▶ **YOUR GOAL**
Omit all images, then repeat exactly the lines below from the one containing "Resumen de pintura" through the one containing "Histograms are used", both ends included.

--- EXERCISE INPUTS Enclosed Below ---

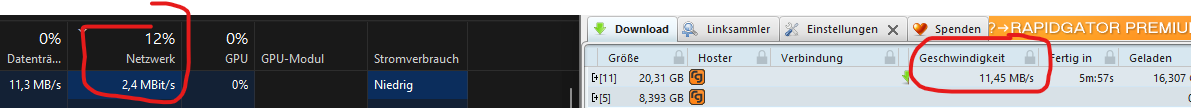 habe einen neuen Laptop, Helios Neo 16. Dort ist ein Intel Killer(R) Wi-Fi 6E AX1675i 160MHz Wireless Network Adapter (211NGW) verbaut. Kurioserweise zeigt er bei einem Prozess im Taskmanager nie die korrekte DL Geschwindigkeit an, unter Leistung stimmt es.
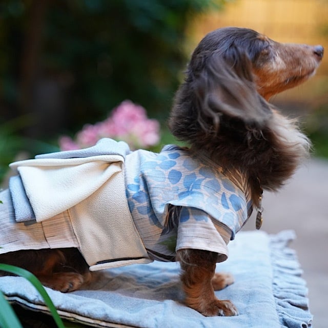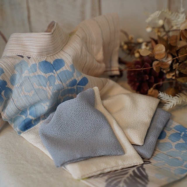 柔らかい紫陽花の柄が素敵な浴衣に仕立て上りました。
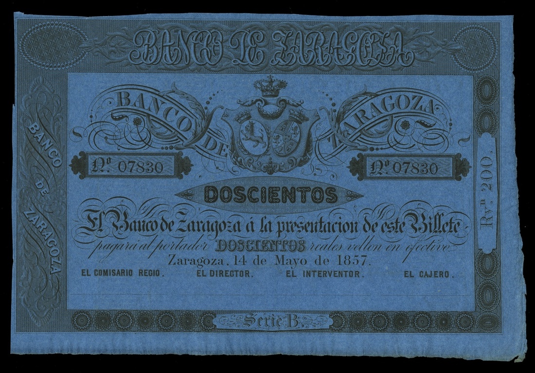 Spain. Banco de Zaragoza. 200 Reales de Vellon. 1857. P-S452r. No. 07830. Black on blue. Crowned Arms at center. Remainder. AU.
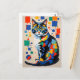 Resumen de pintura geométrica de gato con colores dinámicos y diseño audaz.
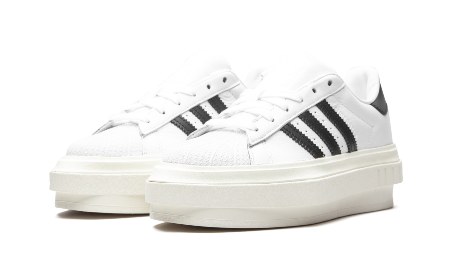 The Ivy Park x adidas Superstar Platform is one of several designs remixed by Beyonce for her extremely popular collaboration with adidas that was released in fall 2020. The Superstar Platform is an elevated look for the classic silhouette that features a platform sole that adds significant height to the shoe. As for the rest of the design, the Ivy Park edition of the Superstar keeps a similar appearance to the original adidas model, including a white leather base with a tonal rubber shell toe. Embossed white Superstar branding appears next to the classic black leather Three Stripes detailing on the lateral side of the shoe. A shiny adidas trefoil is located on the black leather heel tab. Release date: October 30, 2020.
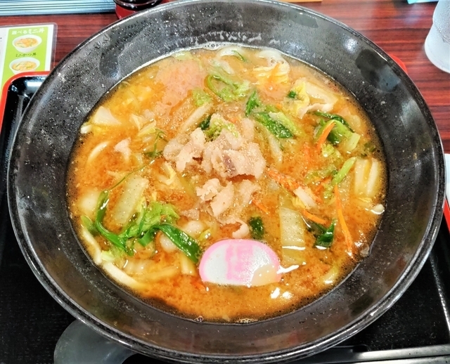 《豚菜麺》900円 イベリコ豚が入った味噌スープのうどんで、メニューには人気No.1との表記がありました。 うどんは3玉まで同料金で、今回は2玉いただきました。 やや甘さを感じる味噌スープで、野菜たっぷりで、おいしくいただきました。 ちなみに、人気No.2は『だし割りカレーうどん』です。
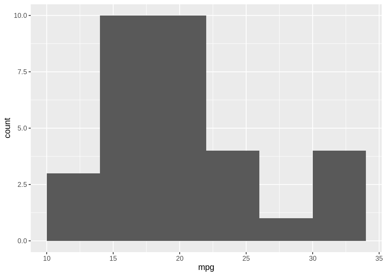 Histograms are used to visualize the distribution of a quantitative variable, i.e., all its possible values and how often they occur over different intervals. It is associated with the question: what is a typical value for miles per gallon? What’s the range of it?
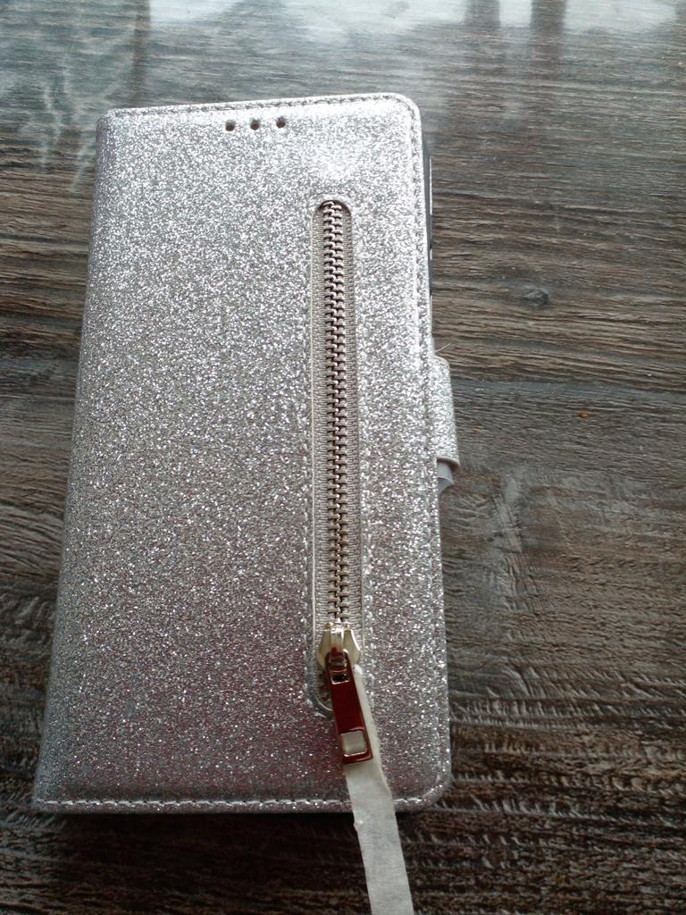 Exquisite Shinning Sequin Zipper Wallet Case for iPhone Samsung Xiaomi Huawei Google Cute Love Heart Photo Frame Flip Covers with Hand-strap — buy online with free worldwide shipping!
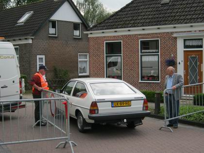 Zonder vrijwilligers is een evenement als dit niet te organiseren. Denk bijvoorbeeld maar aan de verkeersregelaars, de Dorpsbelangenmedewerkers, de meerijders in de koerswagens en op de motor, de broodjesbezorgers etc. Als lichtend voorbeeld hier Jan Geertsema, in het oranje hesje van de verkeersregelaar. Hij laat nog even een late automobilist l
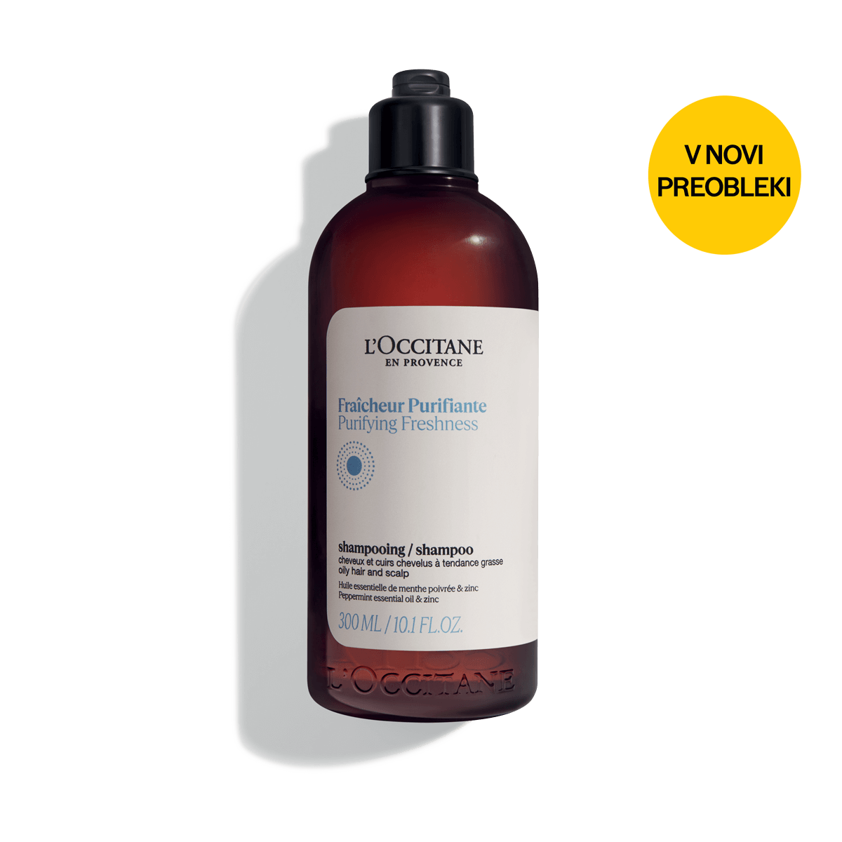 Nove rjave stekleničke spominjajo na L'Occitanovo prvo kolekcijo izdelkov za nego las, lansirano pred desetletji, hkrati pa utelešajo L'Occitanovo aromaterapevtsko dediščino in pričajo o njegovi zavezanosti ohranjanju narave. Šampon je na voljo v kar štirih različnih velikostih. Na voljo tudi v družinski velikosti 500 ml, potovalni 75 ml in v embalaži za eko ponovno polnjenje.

--- End of Enclosed EXERCISE INPUTS ---

▶ **RESULT**
 Resumen de pintura geométrica de gato con colores dinámicos y diseño audaz.
 The Ivy Park x adidas Superstar Platform is one of several designs remixed by Beyonce for her extremely popular collaboration with adidas that was released in fall 2020. The Superstar Platform is an elevated look for the classic silhouette that features a platform sole that adds significant height to the shoe. As for the rest of the design, the Ivy Park edition of the Superstar keeps a similar appearance to the original adidas model, including a white leather base with a tonal rubber shell toe. Embossed white Superstar branding appears next to the classic black leather Three Stripes detailing on the lateral side of the shoe. A shiny adidas trefoil is located on the black leather heel tab. Release date: October 30, 2020.
 《豚菜麺》900円 イベリコ豚が入った味噌スープのうどんで、メニューには人気No.1との表記がありました。 うどんは3玉まで同料金で、今回は2玉いただきました。 やや甘さを感じる味噌スープで、野菜たっぷりで、おいしくいただきました。 ちなみに、人気No.2は『だし割りカレーうどん』です。
 Histograms are used to visualize the distribution of a quantitative variable, i.e., all its possible values and how often they occur over different intervals. It is associated with the question: what is a typical value for miles per gallon? What’s the range of it?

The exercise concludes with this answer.